— RECORDED DATA —

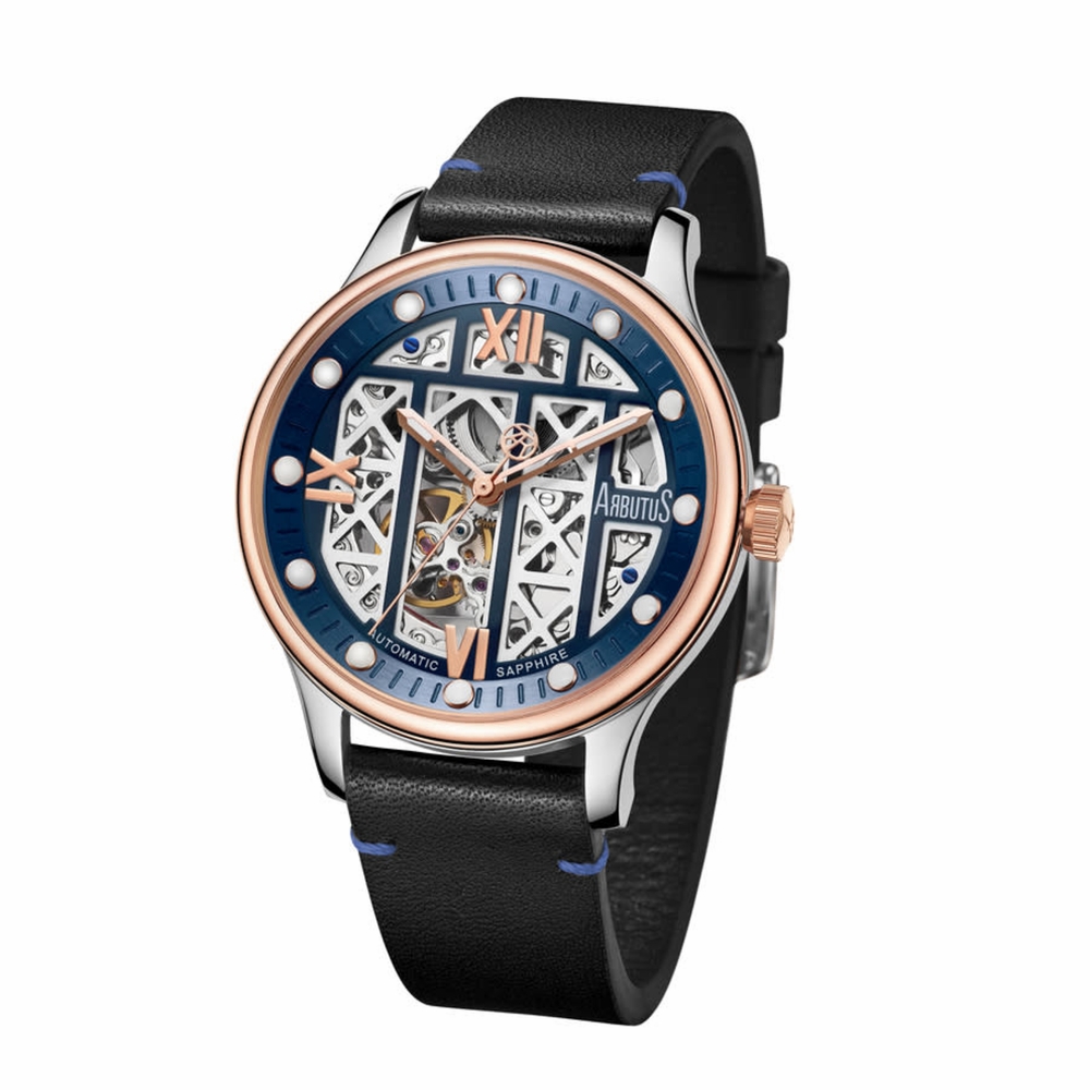 Stainless steel case with a black leather strap. Fixed rose gold-tone bezel. Blue (skeleton center) dial with luminous rose gold-tone hands and dot hour markers. Roman numerals appear at the 3, 6, 9 and 12 o'clock positions. Minute markers around the outer rim. Dial Type: Analog. Luminescent hands and markers. Automatic movement. Scratch resistant sapphire crystal. Pull / push crown. Transparent case back. Round case shape. Case size: 42 mm. Band width: 20 mm. Tang clasp. Water resistant at 50 meters / 165 feet. Functions: hour, minute, second. Wall Street Series. Casual watch style. Arbutus Wall Street Automatic Black Dial Mens Watch AR2101TRUB.
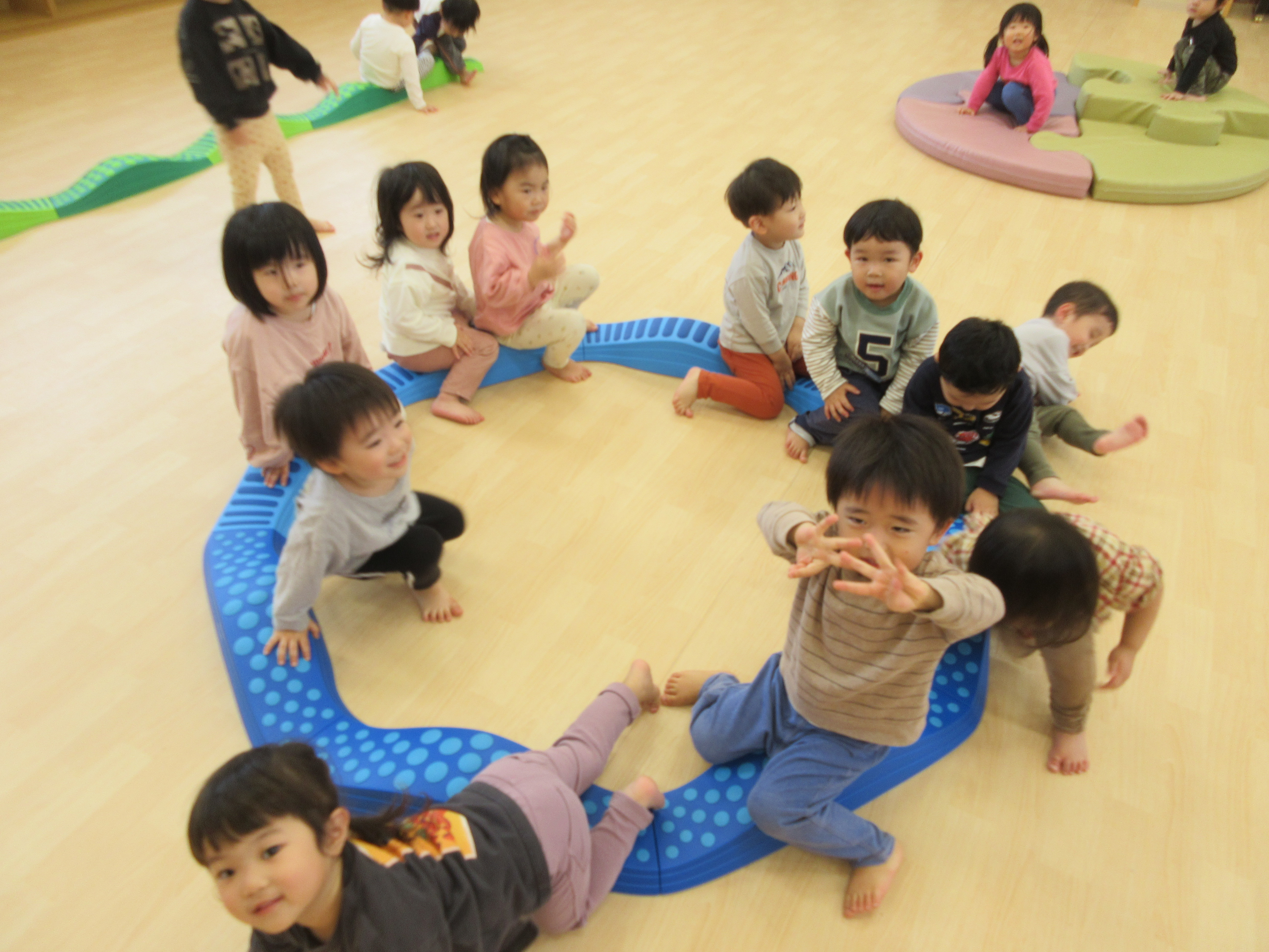 2歳児さんになるとバランスをとる遊びもいれば、絵本を開いて楽しむ子もいます♪
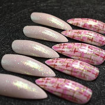 Amazon Com Super Long Stiletto Nail Art Fake Nails Sparkly Glitter
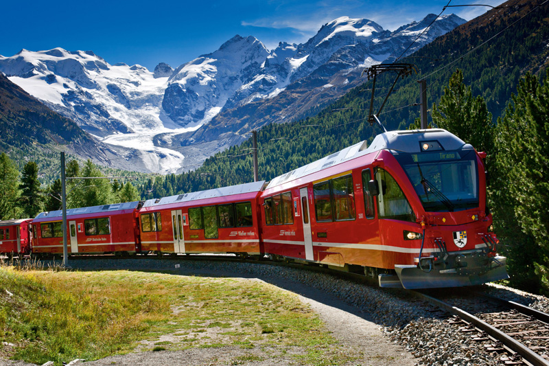 瑞士有4条线路的全景观火车:金色山口快车、冰川快车、伯尔尼纳快车、威廉泰尔快车。冰川快车和伯尔尼纳快车是所有人都必须预订并交预订费的。
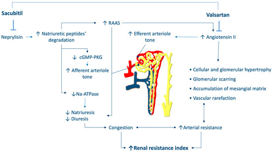 In order to better clarify the effects on the renal blood flow, the aim of this study was to evaluate the variation in the renal resistance index (RRI) after treatment with sacubitril/valsartan.
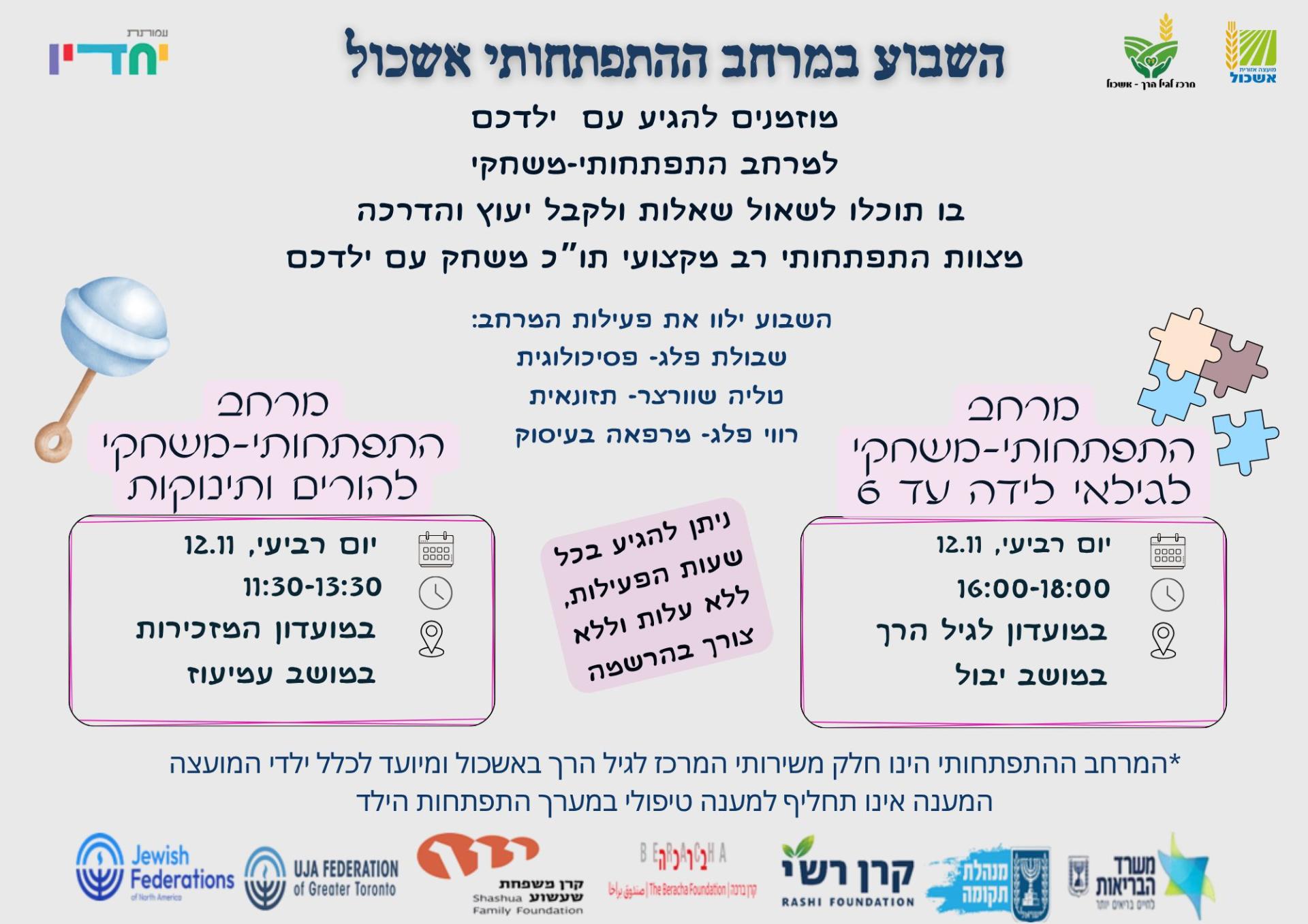 יום רביעי, 12.11 במרחב ההתפתחותי אשכול:
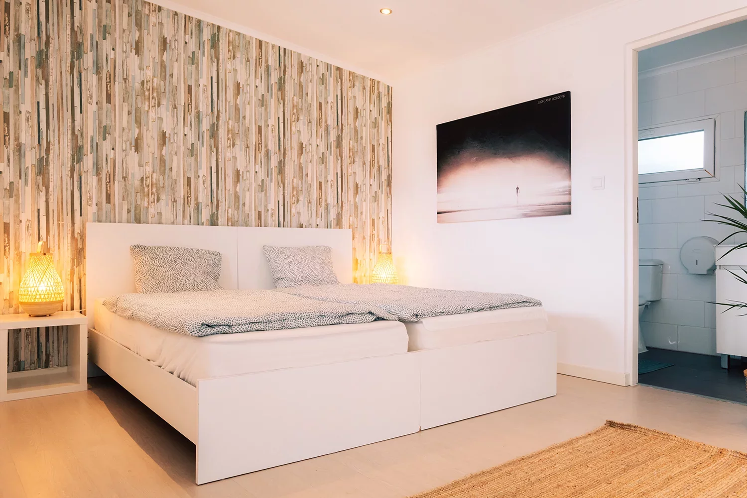 Unsere Freunde- und Familien-Suite gibt es in zwei Größen. Die kleine Suite (für bis zu 4 Personen) verfügt über zwei Queensize-Betten, ein Wohnzimmer und ein Bad. In der großen Suite (für 4-8 Personen) findet man ein Doppelzimmer, ein Zimmer mit 2 Stockbetten, ein Bad und ein Wohnzimmer mit Schlafcouch. Diese Suiten sind perfekt für Familien oder kleine Gruppen geeignet und bieten viel Komfort und Privatsphäre. Unser Surfhouse ist für Erwachsene (ab 18 Jahren) oder Familien mit Jugendlichen bzw. Kindern ab 13 Jahren ausgelegt.
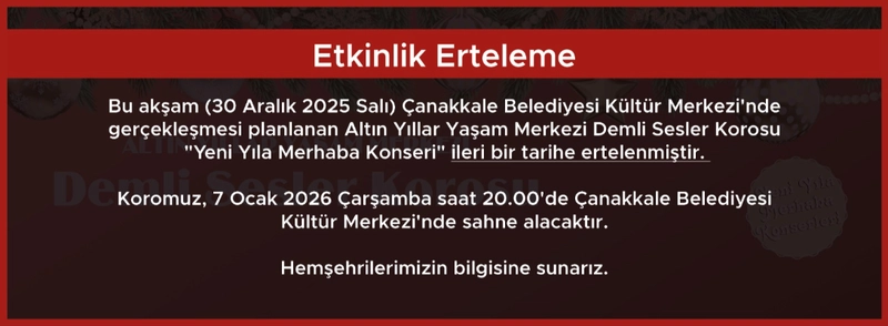 Altın Yıllar Yaşam Merkezi Demli Sesler Korosu'nun "Yeni Yıla Merhaba Konseri" ileri bir tarihe ertelendi. Konserin, bu akşam (30 Aralık 2025 Salı) Çanakkale Belediyesi Kültür Merkezi'nde gerçekleşmesi planlanıyordu.
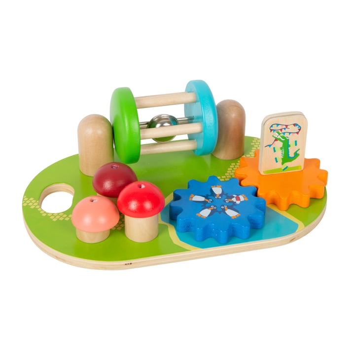 The board includes a game with gears, turning elements and a spinning rattle, providing a variety of activities for children.
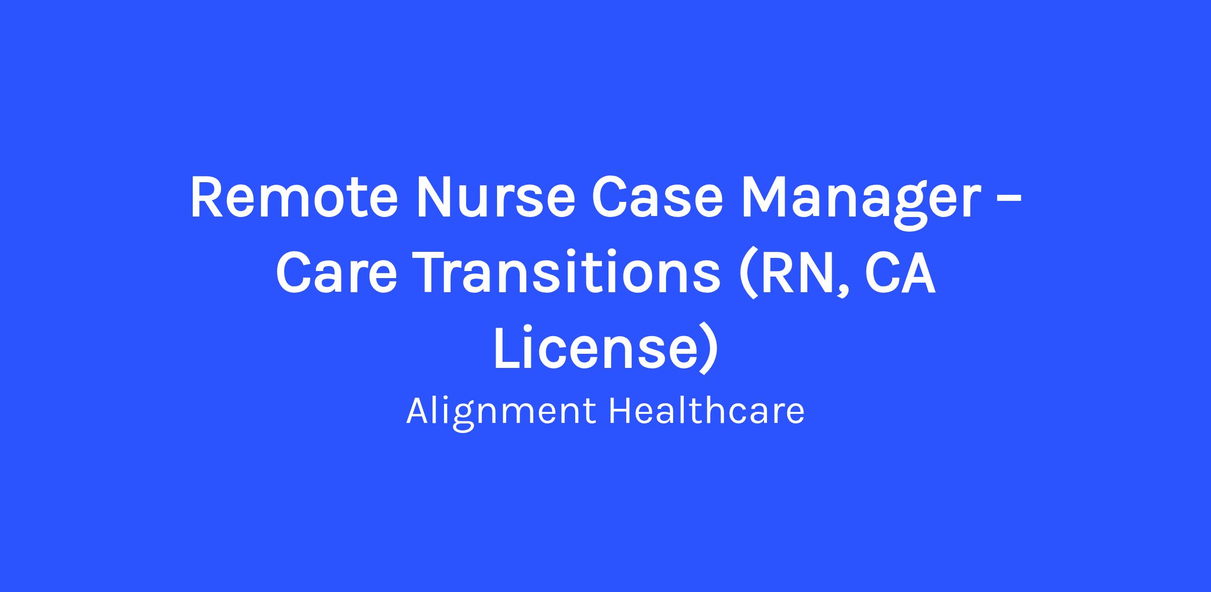 Remote - The Case Manager – Transitions of Care (Outpatient)Are you a California-licensed RN passionate about guiding patients through safe, seamless care transitions? Join our team as a Remote Case Manager, where you’ll make a direct impact on patient outcomes by coordinating discharge planning, referrals, and community resources.
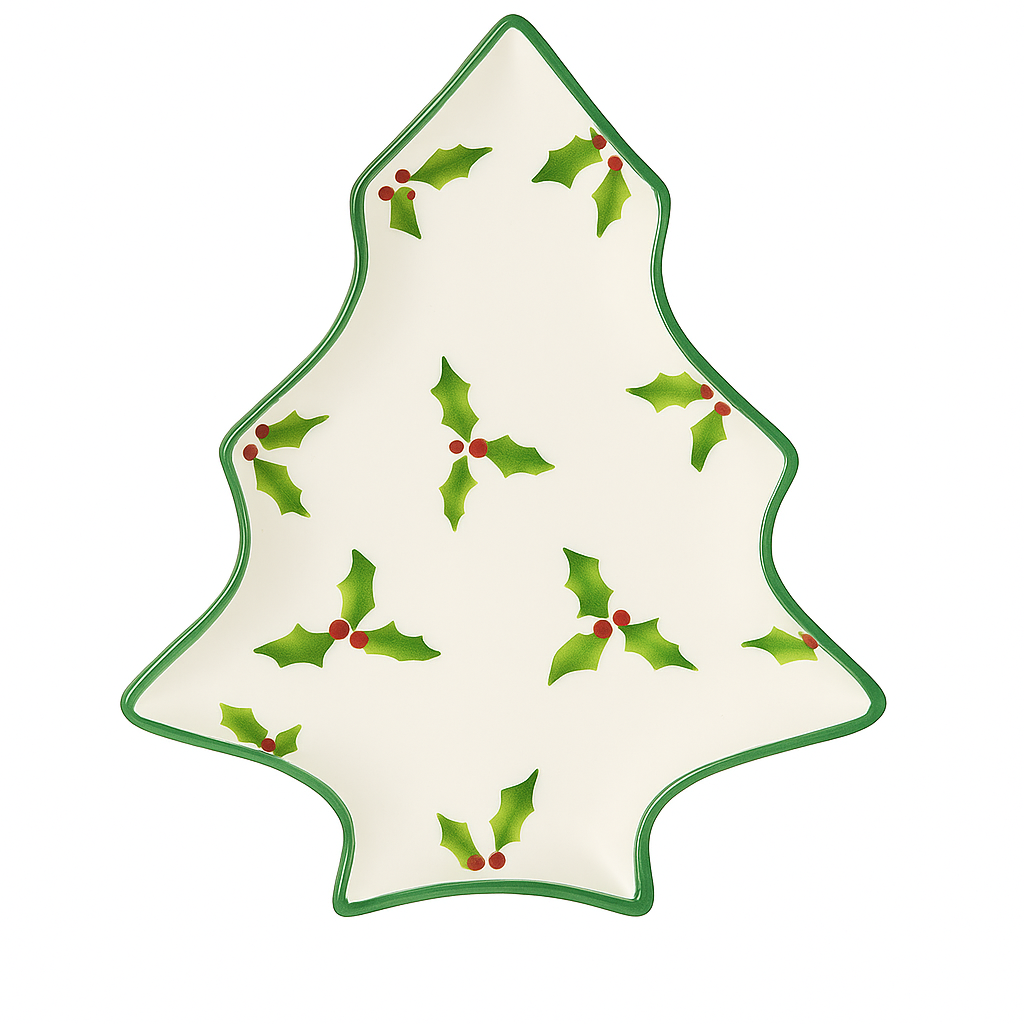 Feita em faiança de alta qualidade e pintada à mão, apresenta um formato de pinheiro decorado com folhas de azevinho e bagas vermelhas, realçado por um elegante rebordo vermelho que lhe confere um toque festivo e vibrante.

— TASK DESCRIPTION —
Reproduce the records exactly, starting with their first line and ending with the line that contains "The board includes", though pictures should be dropped.

— SOLUTION TO THE EXERCISE —
 Stainless steel case with a black leather strap. Fixed rose gold-tone bezel. Blue (skeleton center) dial with luminous rose gold-tone hands and dot hour markers. Roman numerals appear at the 3, 6, 9 and 12 o'clock positions. Minute markers around the outer rim. Dial Type: Analog. Luminescent hands and markers. Automatic movement. Scratch resistant sapphire crystal. Pull / push crown. Transparent case back. Round case shape. Case size: 42 mm. Band width: 20 mm. Tang clasp. Water resistant at 50 meters / 165 feet. Functions: hour, minute, second. Wall Street Series. Casual watch style. Arbutus Wall Street Automatic Black Dial Mens Watch AR2101TRUB.
 2歳児さんになるとバランスをとる遊びもいれば、絵本を開いて楽しむ子もいます♪
 Amazon Com Super Long Stiletto Nail Art Fake Nails Sparkly Glitter
 瑞士有4条线路的全景观火车:金色山口快车、冰川快车、伯尔尼纳快车、威廉泰尔快车。冰川快车和伯尔尼纳快车是所有人都必须预订并交预订费的。
 In order to better clarify the effects on the renal blood flow, the aim of this study was to evaluate the variation in the renal resistance index (RRI) after treatment with sacubitril/valsartan.
 יום רביעי, 12.11 במרחב ההתפתחותי אשכול:
 Unsere Freunde- und Familien-Suite gibt es in zwei Größen. Die kleine Suite (für bis zu 4 Personen) verfügt über zwei Queensize-Betten, ein Wohnzimmer und ein Bad. In der großen Suite (für 4-8 Personen) findet man ein Doppelzimmer, ein Zimmer mit 2 Stockbetten, ein Bad und ein Wohnzimmer mit Schlafcouch. Diese Suiten sind perfekt für Familien oder kleine Gruppen geeignet und bieten viel Komfort und Privatsphäre. Unser Surfhouse ist für Erwachsene (ab 18 Jahren) oder Familien mit Jugendlichen bzw. Kindern ab 13 Jahren ausgelegt.
 Altın Yıllar Yaşam Merkezi Demli Sesler Korosu'nun "Yeni Yıla Merhaba Konseri" ileri bir tarihe ertelendi. Konserin, bu akşam (30 Aralık 2025 Salı) Çanakkale Belediyesi Kültür Merkezi'nde gerçekleşmesi planlanıyordu.
 The board includes a game with gears, turning elements and a spinning rattle, providing a variety of activities for children.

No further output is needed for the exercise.